How many resources return Last-Modified and/or ETag values?

SELECT revalidation, resource_count, ROUND(ratio*100) as percent FROM (
  SELECT revalidation, COUNT(url) as resource_count, RATIO_TO_REPORT(resource_count) OVER() ratio FROM (
    SELECT url, CASE
      WHEN resp_etag != "" AND resp_last_modified != "" THEN "etag + last-modified"
      WHEN resp_etag != "" THEN "etag only"
      WHEN resp_last_modified != "" THEN "last-modified only"
      ELSE "no revalidation"
      END revalidation
    FROM httparchive:runs.2014_11_01_requests
  ) GROUP BY revalidation
) ORDER BY percent DESC

Results for Nov 1st, 2014 run:

  • 23% of resources do not return any revalidation values - no ETag or Last-Modified.
  • Very few resources use ETag-only (just 4%), whereas Last-Modified-only accounts for 30%.
  • Most resources return both Last-Modified and ETag values (43%).

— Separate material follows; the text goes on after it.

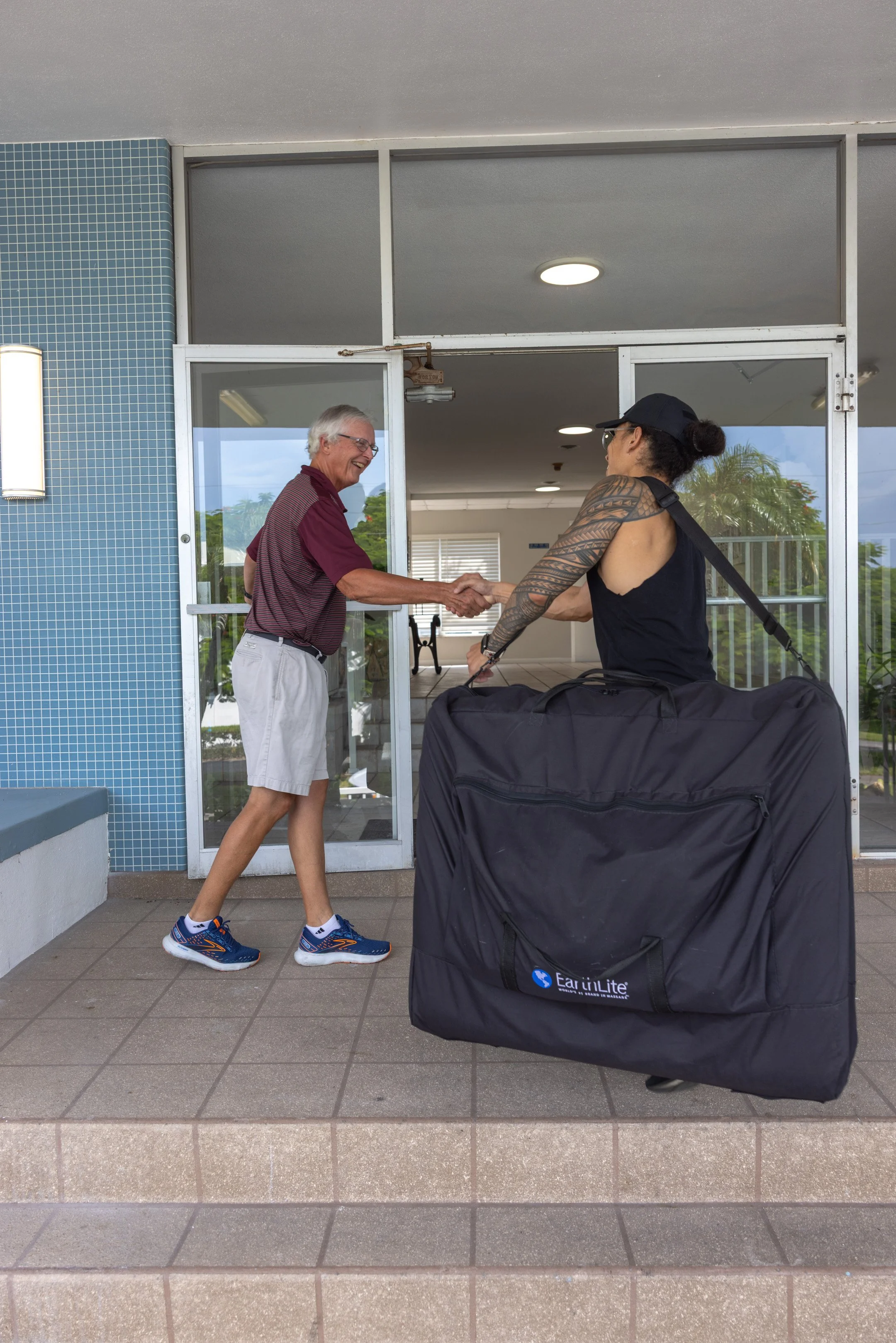 I bring everything needed for a full day of restorative wellness — the stretch table, equipment, and setup. Each participant gets a 25-minute one-on-one assisted stretch designed around their comfort and mobility needs.

It’s of course GOOD to provide a validator, so the troubling part of these results is the 23% of responses that don’t return any revalidation values. Digging deeper into those we see that about half (49%) have a Cache-Control header that dictates they must ALWAYS be re-fetched from origin - so perhaps revalidation is less critical. About a quarter don’t have a Cache-Control header - these are the ones that really need focus by the website owner as the behavior is left to the browser implementation and can’t be validated. And the other quarter also need help as they ARE intended to be cached but when that cache time expires revalidation is not possible.

SELECT cache_header, round(100*ratio) as percent, resource_count FROM (
SELECT count(*) as resource_count, RATIO_TO_REPORT(resource_count) OVER() ratio, 
       CASE WHEN resp_cache_control = "" THEN "no cache header"
            WHEN (resp_cache_control contains "no-cache" OR resp_cache_control contains "no-store" OR resp_cache_control contains "must_revalidate" OR resp_cache_control contains "max-age=0") THEN "explicit NO caching"
            ELSE "other"
       END as cache_header
FROM httparchive:runs.2014_11_01_requests
WHERE (resp_etag = "" AND resp_last_modified = "")
GROUP BY cache_header
ORDER BY resource_count desc